Work task: From the listing below, retype exactly the line holding "更值得警惕的是,据彭博分析师 Simon White", the line holding "This elegant bow-shaped", and the lines between them; skip everything else.

Material provided:

● ● ● ●

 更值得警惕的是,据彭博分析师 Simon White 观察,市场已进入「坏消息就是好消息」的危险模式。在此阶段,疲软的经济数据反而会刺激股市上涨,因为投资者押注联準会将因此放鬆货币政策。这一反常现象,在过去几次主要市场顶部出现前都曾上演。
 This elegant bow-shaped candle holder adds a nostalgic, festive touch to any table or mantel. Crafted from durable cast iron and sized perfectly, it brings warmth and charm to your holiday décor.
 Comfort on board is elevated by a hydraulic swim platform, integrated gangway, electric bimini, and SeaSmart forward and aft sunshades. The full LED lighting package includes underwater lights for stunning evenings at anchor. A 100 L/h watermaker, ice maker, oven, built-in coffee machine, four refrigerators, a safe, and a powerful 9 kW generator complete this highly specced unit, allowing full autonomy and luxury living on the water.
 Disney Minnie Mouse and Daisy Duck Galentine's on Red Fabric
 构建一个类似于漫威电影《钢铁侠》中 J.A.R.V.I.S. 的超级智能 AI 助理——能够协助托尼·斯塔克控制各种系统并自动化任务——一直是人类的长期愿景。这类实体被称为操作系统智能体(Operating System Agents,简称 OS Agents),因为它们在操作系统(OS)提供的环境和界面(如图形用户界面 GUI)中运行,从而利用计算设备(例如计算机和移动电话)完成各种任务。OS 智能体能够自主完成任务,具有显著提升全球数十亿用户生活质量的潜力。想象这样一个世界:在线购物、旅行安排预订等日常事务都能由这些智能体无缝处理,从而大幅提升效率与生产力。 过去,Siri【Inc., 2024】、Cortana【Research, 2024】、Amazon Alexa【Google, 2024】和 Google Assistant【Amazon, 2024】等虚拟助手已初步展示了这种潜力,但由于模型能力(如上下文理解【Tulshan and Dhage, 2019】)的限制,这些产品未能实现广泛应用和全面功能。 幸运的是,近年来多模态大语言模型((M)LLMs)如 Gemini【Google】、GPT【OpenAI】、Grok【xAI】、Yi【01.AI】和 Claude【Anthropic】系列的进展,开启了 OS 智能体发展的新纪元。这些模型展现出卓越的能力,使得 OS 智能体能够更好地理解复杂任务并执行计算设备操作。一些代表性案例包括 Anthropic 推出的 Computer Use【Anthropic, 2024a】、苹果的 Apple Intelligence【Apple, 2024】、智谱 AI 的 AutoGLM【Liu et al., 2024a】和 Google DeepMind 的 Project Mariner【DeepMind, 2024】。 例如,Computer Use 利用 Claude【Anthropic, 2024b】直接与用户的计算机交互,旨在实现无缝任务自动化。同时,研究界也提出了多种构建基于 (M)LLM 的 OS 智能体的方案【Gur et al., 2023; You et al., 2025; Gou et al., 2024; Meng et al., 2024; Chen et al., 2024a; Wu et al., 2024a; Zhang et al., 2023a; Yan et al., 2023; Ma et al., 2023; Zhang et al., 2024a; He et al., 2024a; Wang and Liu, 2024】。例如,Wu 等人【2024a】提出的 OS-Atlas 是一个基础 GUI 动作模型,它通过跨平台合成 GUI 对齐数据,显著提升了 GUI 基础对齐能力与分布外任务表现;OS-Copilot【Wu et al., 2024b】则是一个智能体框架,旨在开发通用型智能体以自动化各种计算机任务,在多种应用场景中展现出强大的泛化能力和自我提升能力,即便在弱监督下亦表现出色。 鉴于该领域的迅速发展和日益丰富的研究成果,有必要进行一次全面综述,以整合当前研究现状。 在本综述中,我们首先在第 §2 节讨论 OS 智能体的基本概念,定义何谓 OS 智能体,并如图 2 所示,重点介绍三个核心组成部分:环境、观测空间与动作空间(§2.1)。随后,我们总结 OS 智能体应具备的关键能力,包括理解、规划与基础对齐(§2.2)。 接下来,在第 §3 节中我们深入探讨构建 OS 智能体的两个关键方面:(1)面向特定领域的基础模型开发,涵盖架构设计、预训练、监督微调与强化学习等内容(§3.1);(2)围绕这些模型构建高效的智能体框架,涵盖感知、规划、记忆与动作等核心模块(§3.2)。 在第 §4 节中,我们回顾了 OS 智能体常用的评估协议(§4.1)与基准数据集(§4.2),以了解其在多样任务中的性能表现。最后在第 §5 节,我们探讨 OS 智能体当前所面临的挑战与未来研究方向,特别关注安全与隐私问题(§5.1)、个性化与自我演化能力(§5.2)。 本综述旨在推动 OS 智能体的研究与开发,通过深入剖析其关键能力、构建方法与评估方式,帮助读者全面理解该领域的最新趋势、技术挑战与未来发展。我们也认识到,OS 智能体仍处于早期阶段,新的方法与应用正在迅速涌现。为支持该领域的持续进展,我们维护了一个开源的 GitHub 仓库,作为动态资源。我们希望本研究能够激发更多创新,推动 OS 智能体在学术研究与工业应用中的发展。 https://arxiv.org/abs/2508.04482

● ● ● ●

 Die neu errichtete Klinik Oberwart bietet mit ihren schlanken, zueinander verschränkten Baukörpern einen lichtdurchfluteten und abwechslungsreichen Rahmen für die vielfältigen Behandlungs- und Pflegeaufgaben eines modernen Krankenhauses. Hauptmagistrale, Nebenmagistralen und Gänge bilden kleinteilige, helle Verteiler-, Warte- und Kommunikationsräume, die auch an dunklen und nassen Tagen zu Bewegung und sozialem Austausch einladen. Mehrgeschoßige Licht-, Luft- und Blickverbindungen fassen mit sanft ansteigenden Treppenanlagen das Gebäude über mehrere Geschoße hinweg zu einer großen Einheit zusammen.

● ● ● ●

Finished task:
 更值得警惕的是,据彭博分析师 Simon White 观察,市场已进入「坏消息就是好消息」的危险模式。在此阶段,疲软的经济数据反而会刺激股市上涨,因为投资者押注联準会将因此放鬆货币政策。这一反常现象,在过去几次主要市场顶部出现前都曾上演。
 This elegant bow-shaped candle holder adds a nostalgic, festive touch to any table or mantel. Crafted from durable cast iron and sized perfectly, it brings warmth and charm to your holiday décor.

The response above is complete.